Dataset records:
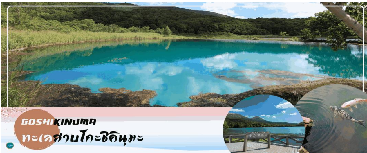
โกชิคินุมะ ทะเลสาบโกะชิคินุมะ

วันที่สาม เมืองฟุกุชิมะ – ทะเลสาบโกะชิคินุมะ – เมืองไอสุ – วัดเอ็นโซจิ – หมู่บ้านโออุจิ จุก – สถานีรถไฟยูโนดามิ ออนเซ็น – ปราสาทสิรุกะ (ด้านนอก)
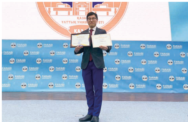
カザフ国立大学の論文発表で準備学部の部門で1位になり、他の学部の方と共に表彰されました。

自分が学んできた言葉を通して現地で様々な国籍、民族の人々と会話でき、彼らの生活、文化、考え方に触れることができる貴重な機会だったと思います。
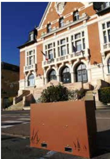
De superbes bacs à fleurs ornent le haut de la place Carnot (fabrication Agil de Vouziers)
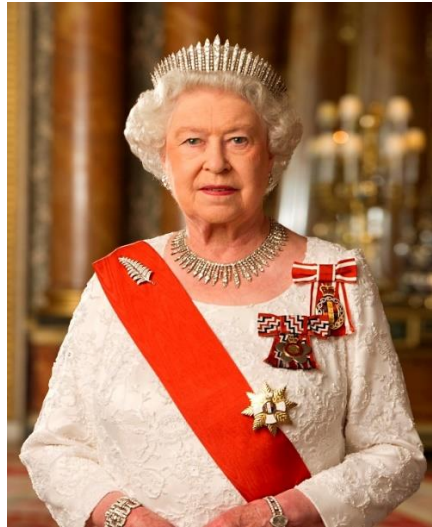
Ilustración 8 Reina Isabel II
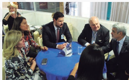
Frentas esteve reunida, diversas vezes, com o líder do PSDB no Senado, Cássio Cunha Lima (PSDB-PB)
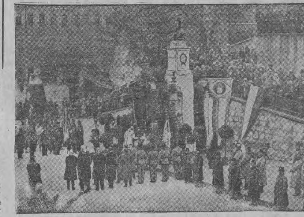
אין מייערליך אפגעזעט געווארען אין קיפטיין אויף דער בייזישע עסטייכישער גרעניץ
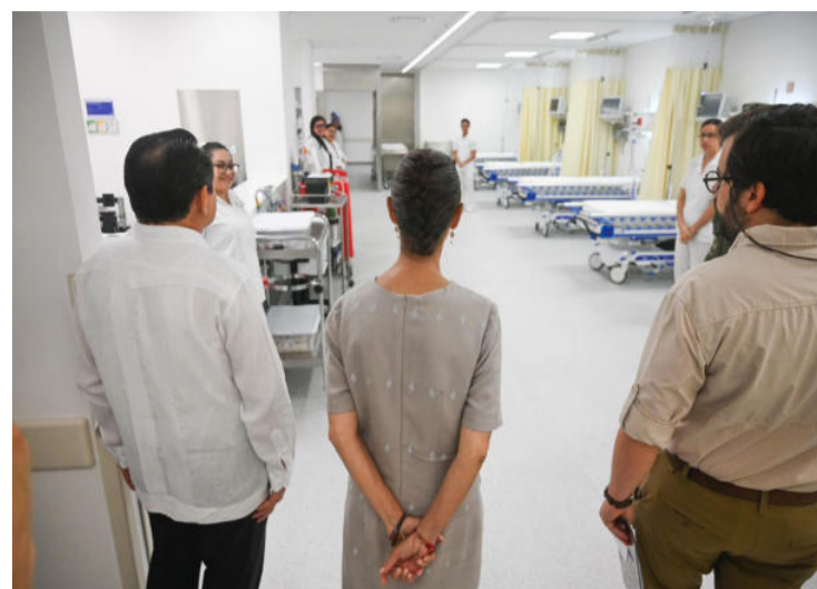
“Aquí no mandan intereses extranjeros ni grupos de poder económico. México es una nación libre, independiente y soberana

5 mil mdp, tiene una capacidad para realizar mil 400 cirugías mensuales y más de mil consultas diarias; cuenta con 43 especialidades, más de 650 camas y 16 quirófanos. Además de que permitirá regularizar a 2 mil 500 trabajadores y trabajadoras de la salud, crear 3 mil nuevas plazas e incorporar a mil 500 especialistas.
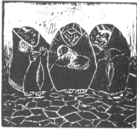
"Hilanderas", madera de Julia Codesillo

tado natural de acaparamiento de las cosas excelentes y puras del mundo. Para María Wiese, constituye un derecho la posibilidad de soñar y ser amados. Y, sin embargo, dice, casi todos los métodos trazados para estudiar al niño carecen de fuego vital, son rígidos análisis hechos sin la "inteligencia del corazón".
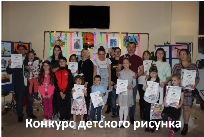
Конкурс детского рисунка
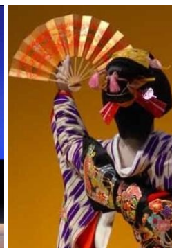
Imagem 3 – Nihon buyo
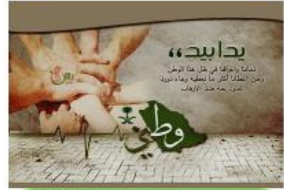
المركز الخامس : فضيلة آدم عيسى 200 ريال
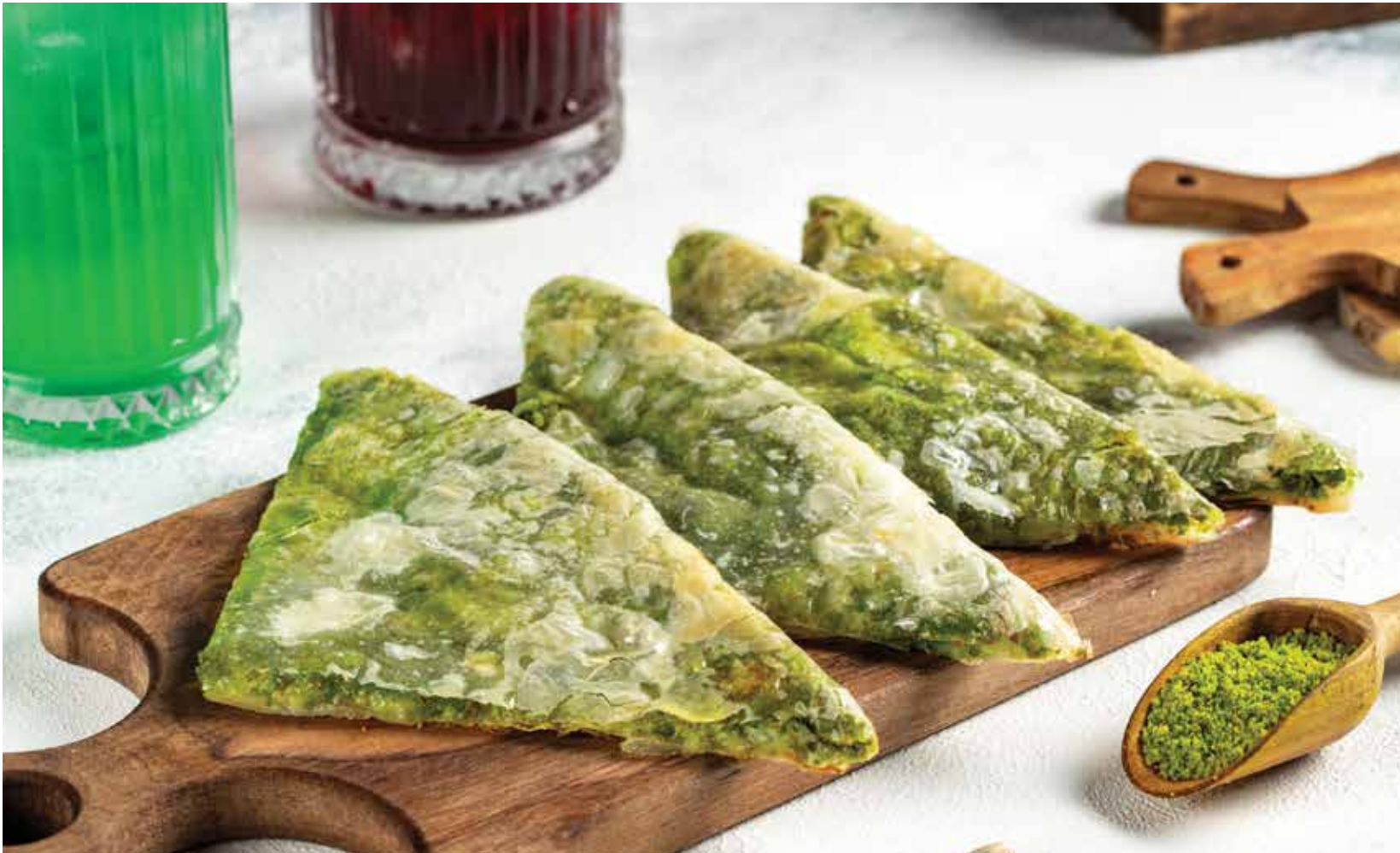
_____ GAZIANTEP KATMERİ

* WHAT THIS TASK INVOLVES: The images are to be left out while the entries are written out exactly.

* ANSWER SPACE:
โกชิคินุมะ ทะเลสาบโกะชิคินุมะ

วันที่สาม เมืองฟุกุชิมะ – ทะเลสาบโกะชิคินุมะ – เมืองไอสุ – วัดเอ็นโซจิ – หมู่บ้านโออุจิ จุก – สถานีรถไฟยูโนดามิ ออนเซ็น – ปราสาทสิรุกะ (ด้านนอก)
カザフ国立大学の論文発表で準備学部の部門で1位になり、他の学部の方と共に表彰されました。

自分が学んできた言葉を通して現地で様々な国籍、民族の人々と会話でき、彼らの生活、文化、考え方に触れることができる貴重な機会だったと思います。
De superbes bacs à fleurs ornent le haut de la place Carnot (fabrication Agil de Vouziers)
Ilustración 8 Reina Isabel II
Frentas esteve reunida, diversas vezes, com o líder do PSDB no Senado, Cássio Cunha Lima (PSDB-PB)
אין מייערליך אפגעזעט געווארען אין קיפטיין אויף דער בייזישע עסטייכישער גרעניץ
“Aquí no mandan intereses extranjeros ni grupos de poder económico. México es una nación libre, independiente y soberana

5 mil mdp, tiene una capacidad para realizar mil 400 cirugías mensuales y más de mil consultas diarias; cuenta con 43 especialidades, más de 650 camas y 16 quirófanos. Además de que permitirá regularizar a 2 mil 500 trabajadores y trabajadoras de la salud, crear 3 mil nuevas plazas e incorporar a mil 500 especialistas.
"Hilanderas", madera de Julia Codesillo

tado natural de acaparamiento de las cosas excelentes y puras del mundo. Para María Wiese, constituye un derecho la posibilidad de soñar y ser amados. Y, sin embargo, dice, casi todos los métodos trazados para estudiar al niño carecen de fuego vital, son rígidos análisis hechos sin la "inteligencia del corazón".
Конкурс детского рисунка
Imagem 3 – Nihon buyo
المركز الخامس : فضيلة آدم عيسى 200 ريال
_____ GAZIANTEP KATMERİ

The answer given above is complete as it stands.